**Work to be completed:**
Every line from the start of the entries up to and including the one bearing "地图下载完后,在下载任务窗口" must be printed verbatim, without the pictures.

(Dataset items)
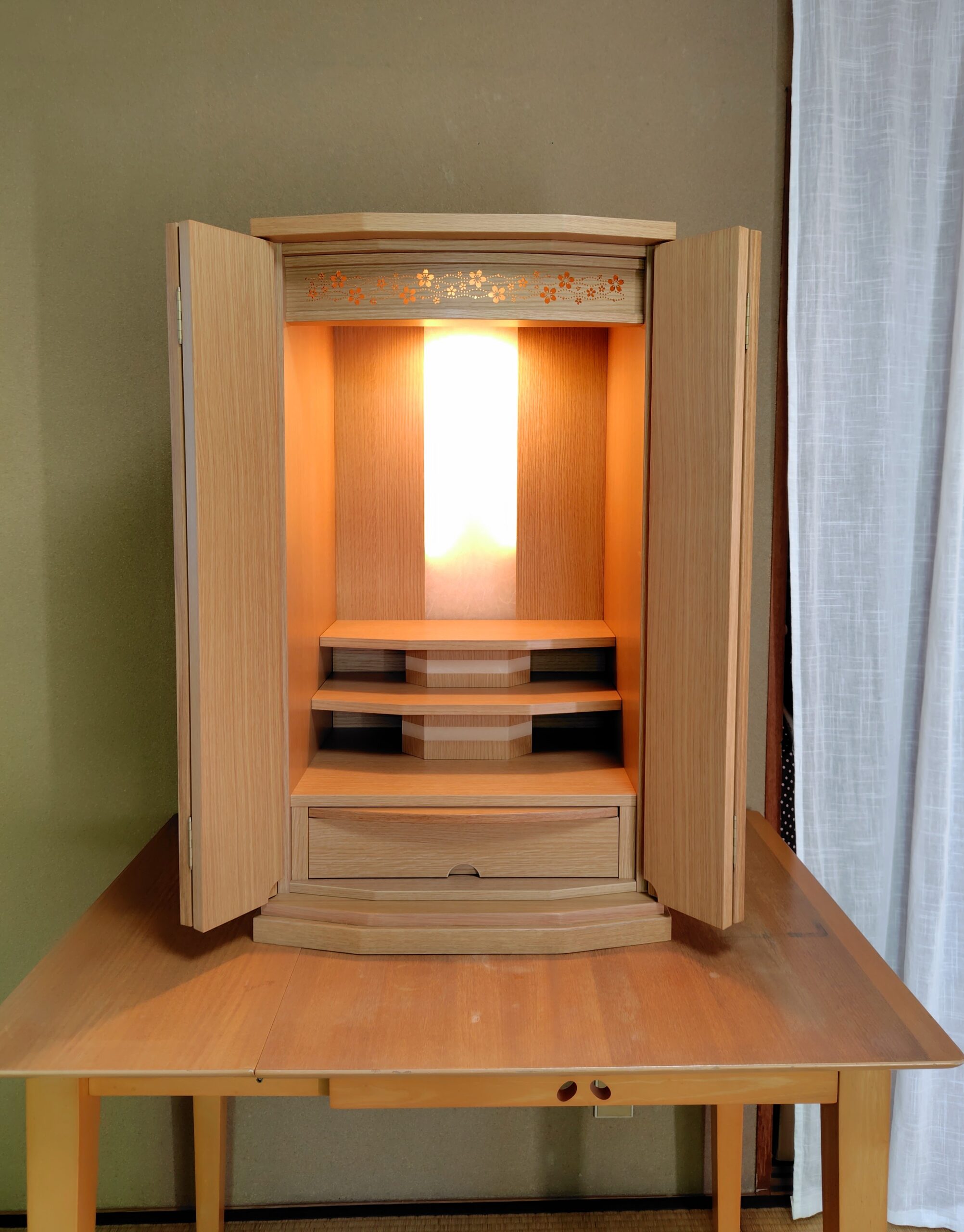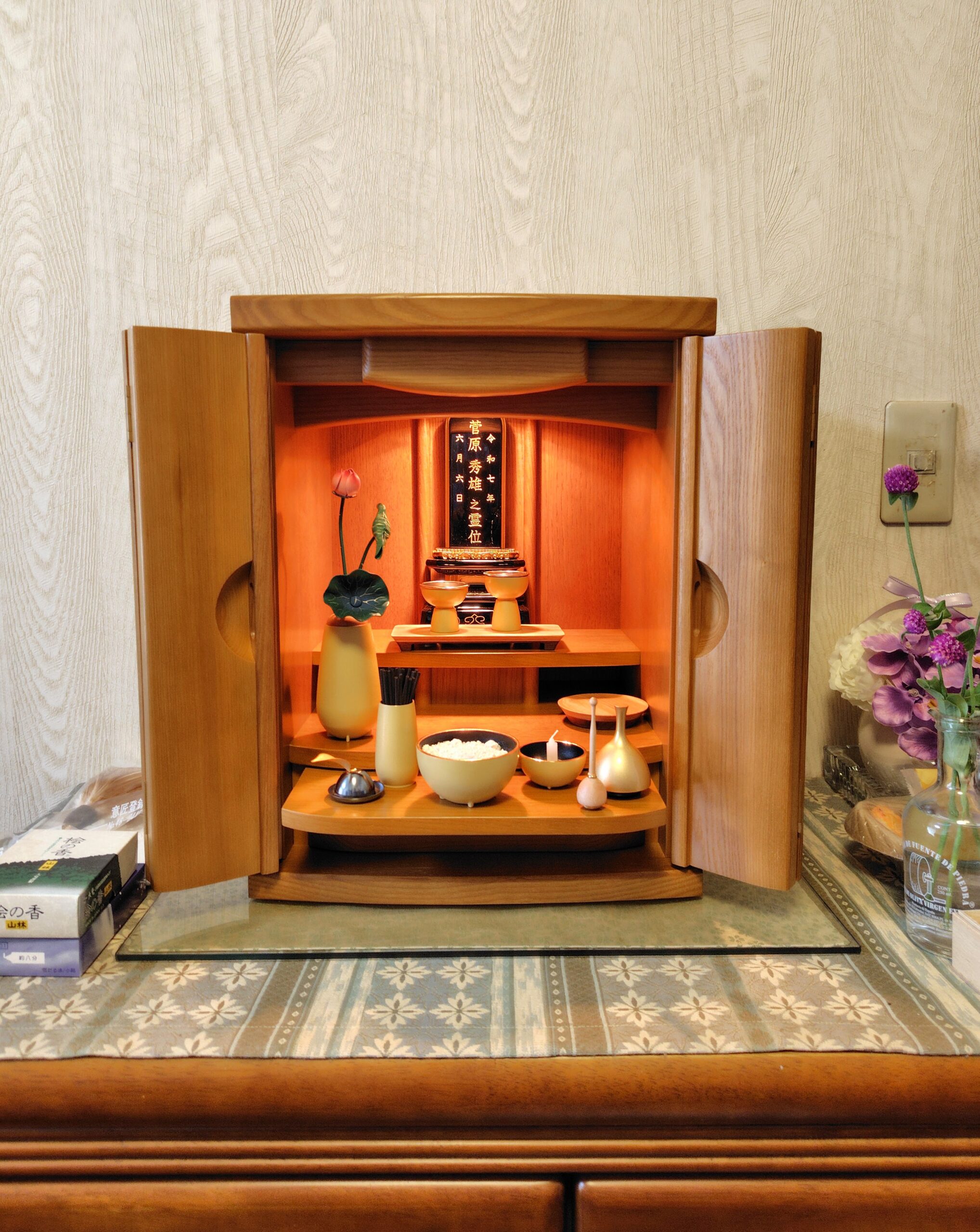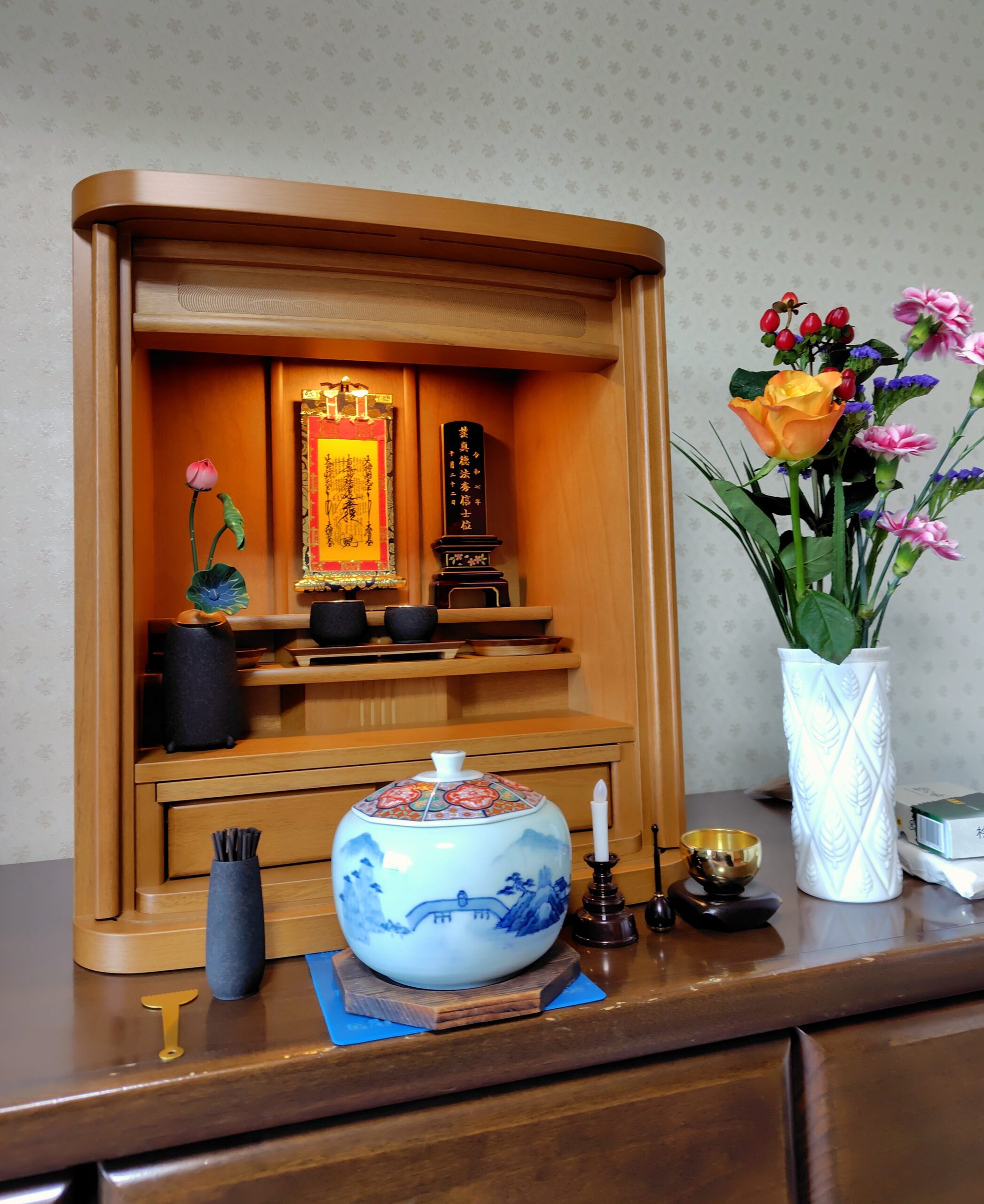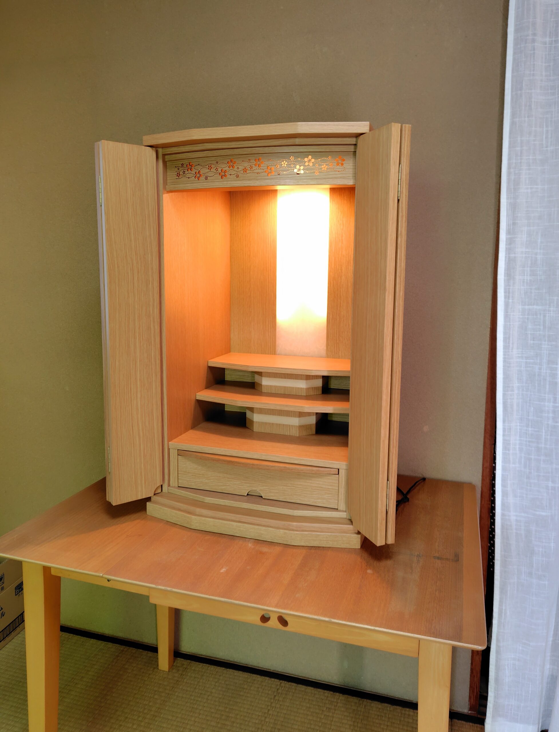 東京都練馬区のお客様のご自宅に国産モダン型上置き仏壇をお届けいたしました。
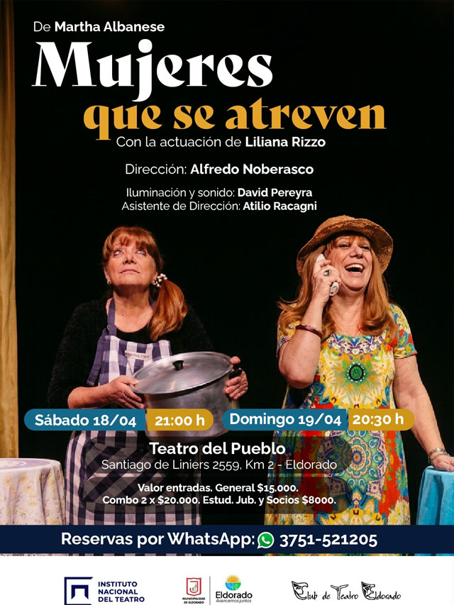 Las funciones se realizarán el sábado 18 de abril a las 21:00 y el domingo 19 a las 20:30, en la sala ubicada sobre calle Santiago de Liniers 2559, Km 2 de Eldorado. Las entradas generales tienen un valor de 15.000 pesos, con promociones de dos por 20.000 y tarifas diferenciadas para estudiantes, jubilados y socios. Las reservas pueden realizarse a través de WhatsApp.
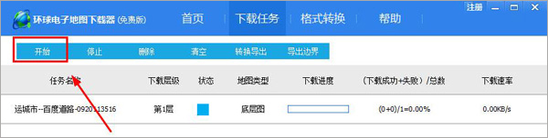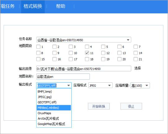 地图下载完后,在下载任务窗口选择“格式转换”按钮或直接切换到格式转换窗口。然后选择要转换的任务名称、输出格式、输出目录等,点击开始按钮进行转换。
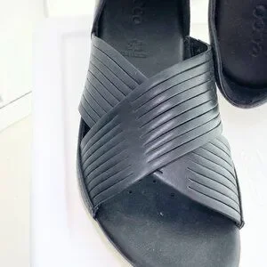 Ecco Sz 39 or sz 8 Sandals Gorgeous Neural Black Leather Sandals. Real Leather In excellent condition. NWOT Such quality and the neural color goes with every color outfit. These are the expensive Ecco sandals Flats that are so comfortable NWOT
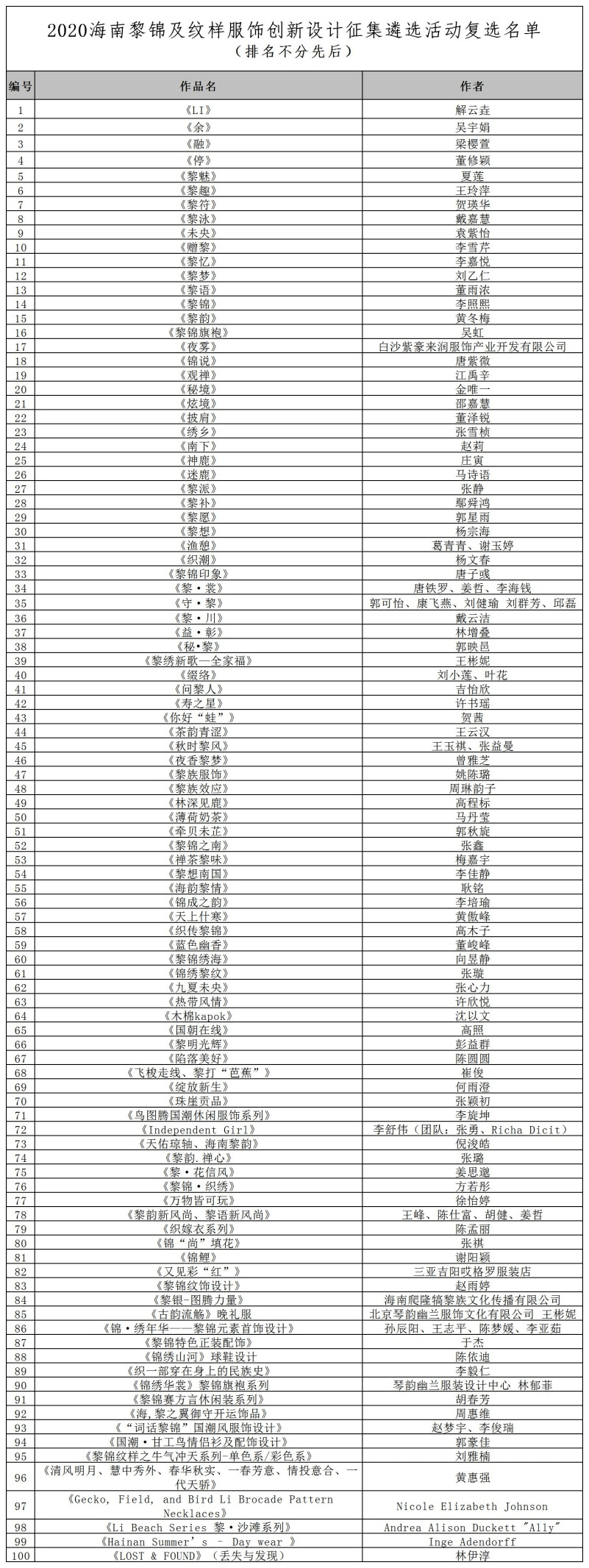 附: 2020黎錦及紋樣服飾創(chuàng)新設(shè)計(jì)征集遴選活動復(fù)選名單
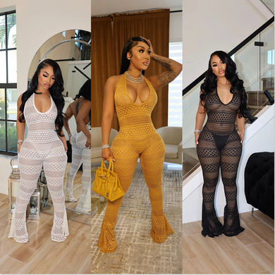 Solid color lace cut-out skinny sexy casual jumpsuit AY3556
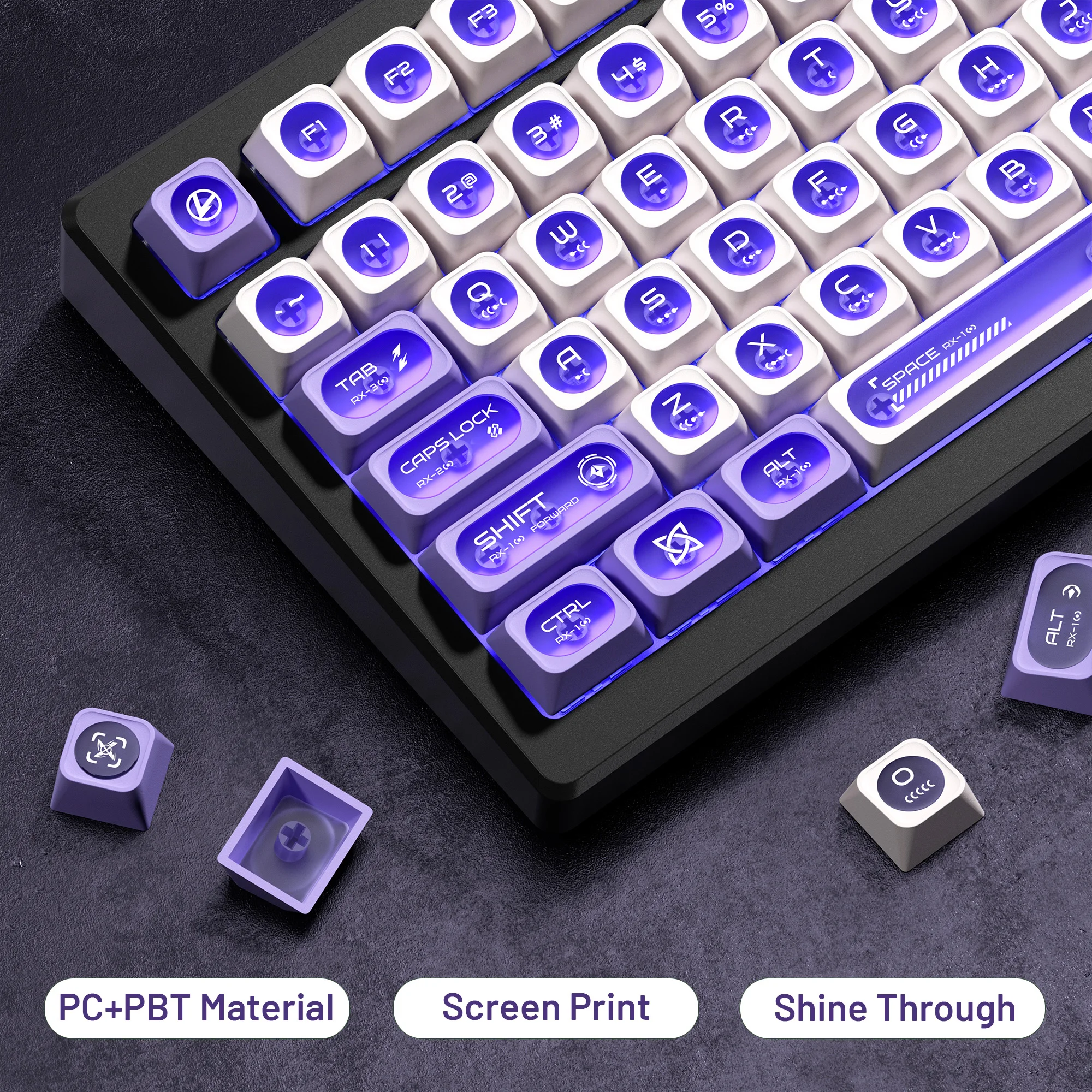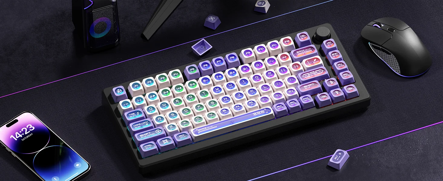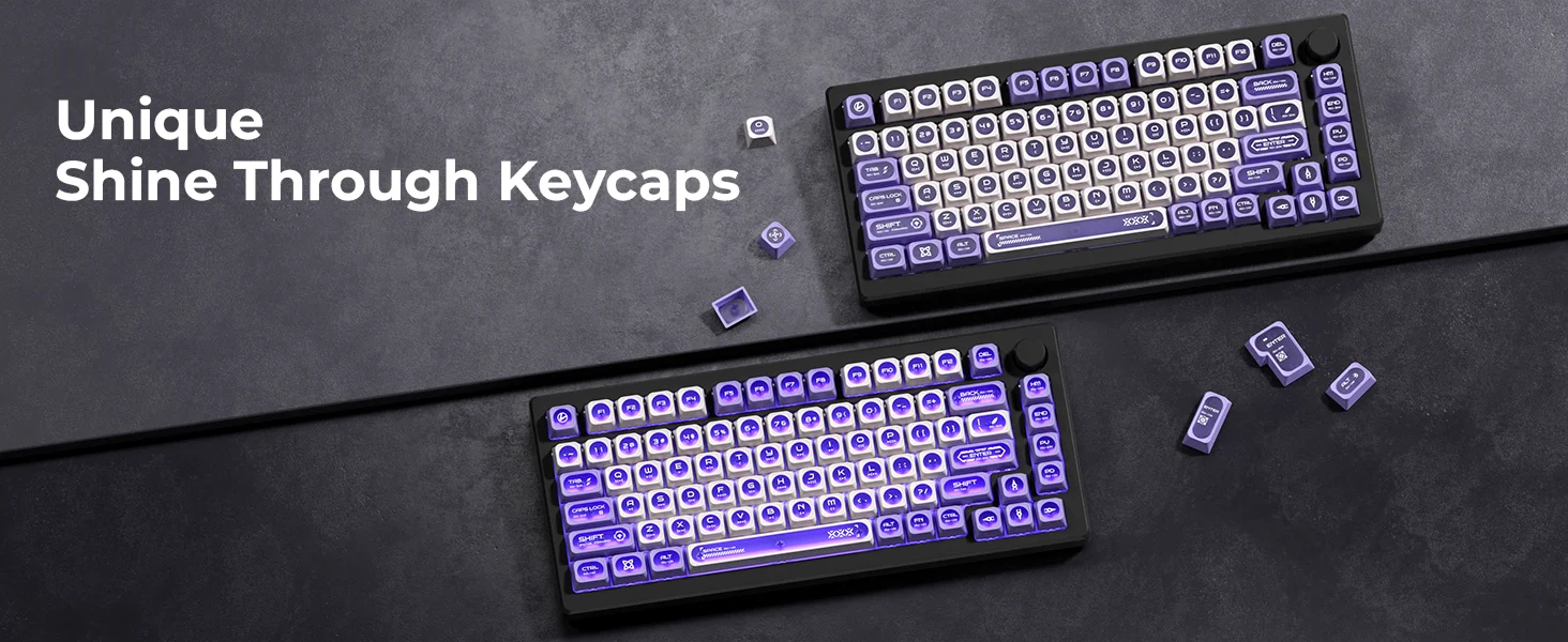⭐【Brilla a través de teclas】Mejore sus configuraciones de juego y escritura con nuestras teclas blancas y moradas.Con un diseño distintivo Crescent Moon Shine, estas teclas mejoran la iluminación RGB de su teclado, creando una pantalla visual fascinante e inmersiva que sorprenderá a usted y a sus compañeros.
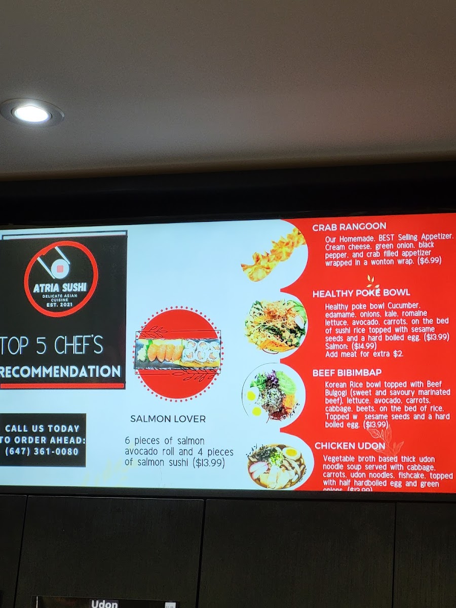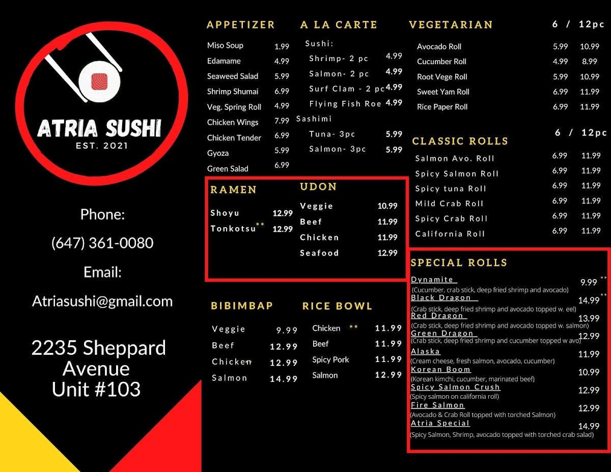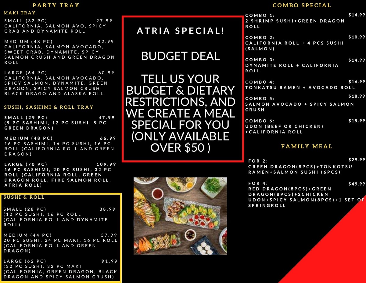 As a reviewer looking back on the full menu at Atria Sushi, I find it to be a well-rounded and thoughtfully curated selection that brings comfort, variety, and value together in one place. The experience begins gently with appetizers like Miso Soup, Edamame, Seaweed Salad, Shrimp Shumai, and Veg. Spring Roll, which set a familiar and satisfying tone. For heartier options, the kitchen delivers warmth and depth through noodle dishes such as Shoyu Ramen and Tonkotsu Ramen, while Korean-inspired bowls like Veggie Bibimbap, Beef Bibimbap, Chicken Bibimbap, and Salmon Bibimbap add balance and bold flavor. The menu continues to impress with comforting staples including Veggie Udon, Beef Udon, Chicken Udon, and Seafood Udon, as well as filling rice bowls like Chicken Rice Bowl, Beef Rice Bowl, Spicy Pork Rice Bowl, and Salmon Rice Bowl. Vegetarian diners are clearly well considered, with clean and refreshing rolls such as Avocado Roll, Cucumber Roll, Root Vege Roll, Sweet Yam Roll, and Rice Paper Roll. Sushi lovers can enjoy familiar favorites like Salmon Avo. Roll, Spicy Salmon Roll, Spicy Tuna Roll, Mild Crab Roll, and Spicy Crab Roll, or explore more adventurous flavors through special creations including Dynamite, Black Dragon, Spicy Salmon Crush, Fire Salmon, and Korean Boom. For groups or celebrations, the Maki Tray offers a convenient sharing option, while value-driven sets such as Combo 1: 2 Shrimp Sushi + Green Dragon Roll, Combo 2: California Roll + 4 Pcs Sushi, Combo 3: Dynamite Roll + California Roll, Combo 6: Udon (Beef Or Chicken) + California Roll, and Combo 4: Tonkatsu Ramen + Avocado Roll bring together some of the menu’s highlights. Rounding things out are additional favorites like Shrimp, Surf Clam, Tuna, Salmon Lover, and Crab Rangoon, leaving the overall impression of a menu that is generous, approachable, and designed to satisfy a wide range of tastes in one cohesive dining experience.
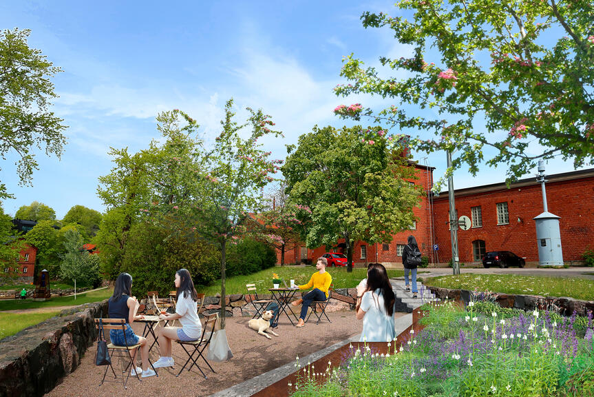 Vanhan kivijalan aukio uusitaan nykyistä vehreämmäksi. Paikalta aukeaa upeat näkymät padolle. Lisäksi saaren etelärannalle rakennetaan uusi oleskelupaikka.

**Result of this task:**
 東京都練馬区のお客様のご自宅に国産モダン型上置き仏壇をお届けいたしました。
 Las funciones se realizarán el sábado 18 de abril a las 21:00 y el domingo 19 a las 20:30, en la sala ubicada sobre calle Santiago de Liniers 2559, Km 2 de Eldorado. Las entradas generales tienen un valor de 15.000 pesos, con promociones de dos por 20.000 y tarifas diferenciadas para estudiantes, jubilados y socios. Las reservas pueden realizarse a través de WhatsApp.
 地图下载完后,在下载任务窗口选择“格式转换”按钮或直接切换到格式转换窗口。然后选择要转换的任务名称、输出格式、输出目录等,点击开始按钮进行转换。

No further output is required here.